INSTRUCTIONS TO FOLLOW
All of the entries below must be copied out exactly.

(Records from a dataset)
▼▼▼
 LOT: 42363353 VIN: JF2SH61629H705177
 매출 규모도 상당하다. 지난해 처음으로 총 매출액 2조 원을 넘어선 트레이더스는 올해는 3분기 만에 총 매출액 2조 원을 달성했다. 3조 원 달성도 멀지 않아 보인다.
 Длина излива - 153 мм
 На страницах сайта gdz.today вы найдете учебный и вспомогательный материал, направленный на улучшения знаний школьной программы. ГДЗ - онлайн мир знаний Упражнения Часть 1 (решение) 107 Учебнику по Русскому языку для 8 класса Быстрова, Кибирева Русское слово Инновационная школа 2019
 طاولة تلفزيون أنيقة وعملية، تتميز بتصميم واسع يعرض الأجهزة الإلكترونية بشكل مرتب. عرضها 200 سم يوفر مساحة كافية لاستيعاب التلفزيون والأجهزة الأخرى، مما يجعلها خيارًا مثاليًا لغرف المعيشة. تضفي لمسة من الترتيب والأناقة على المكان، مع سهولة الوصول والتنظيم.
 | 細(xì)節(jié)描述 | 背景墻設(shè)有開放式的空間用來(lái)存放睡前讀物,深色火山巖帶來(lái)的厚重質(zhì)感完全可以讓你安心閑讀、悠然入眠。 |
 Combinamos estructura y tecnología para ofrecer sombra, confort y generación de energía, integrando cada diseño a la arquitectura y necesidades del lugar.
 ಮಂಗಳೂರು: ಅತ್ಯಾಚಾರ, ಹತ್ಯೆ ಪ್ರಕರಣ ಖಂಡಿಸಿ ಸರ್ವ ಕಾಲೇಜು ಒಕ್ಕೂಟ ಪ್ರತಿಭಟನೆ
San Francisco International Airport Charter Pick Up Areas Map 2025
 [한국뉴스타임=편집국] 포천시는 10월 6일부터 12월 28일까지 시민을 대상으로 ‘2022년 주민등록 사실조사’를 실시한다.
▲▲▲
EXERCISE OUTPUT
 LOT: 42363353 VIN: JF2SH61629H705177
 매출 규모도 상당하다. 지난해 처음으로 총 매출액 2조 원을 넘어선 트레이더스는 올해는 3분기 만에 총 매출액 2조 원을 달성했다. 3조 원 달성도 멀지 않아 보인다.
 Длина излива - 153 мм
 На страницах сайта gdz.today вы найдете учебный и вспомогательный материал, направленный на улучшения знаний школьной программы. ГДЗ - онлайн мир знаний Упражнения Часть 1 (решение) 107 Учебнику по Русскому языку для 8 класса Быстрова, Кибирева Русское слово Инновационная школа 2019
 طاولة تلفزيون أنيقة وعملية، تتميز بتصميم واسع يعرض الأجهزة الإلكترونية بشكل مرتب. عرضها 200 سم يوفر مساحة كافية لاستيعاب التلفزيون والأجهزة الأخرى، مما يجعلها خيارًا مثاليًا لغرف المعيشة. تضفي لمسة من الترتيب والأناقة على المكان، مع سهولة الوصول والتنظيم.
 | 細(xì)節(jié)描述 | 背景墻設(shè)有開放式的空間用來(lái)存放睡前讀物,深色火山巖帶來(lái)的厚重質(zhì)感完全可以讓你安心閑讀、悠然入眠。 |
 Combinamos estructura y tecnología para ofrecer sombra, confort y generación de energía, integrando cada diseño a la arquitectura y necesidades del lugar.
 ಮಂಗಳೂರು: ಅತ್ಯಾಚಾರ, ಹತ್ಯೆ ಪ್ರಕರಣ ಖಂಡಿಸಿ ಸರ್ವ ಕಾಲೇಜು ಒಕ್ಕೂಟ ಪ್ರತಿಭಟನೆ
San Francisco International Airport Charter Pick Up Areas Map 2025
 [한국뉴스타임=편집국] 포천시는 10월 6일부터 12월 28일까지 시민을 대상으로 ‘2022년 주민등록 사실조사’를 실시한다.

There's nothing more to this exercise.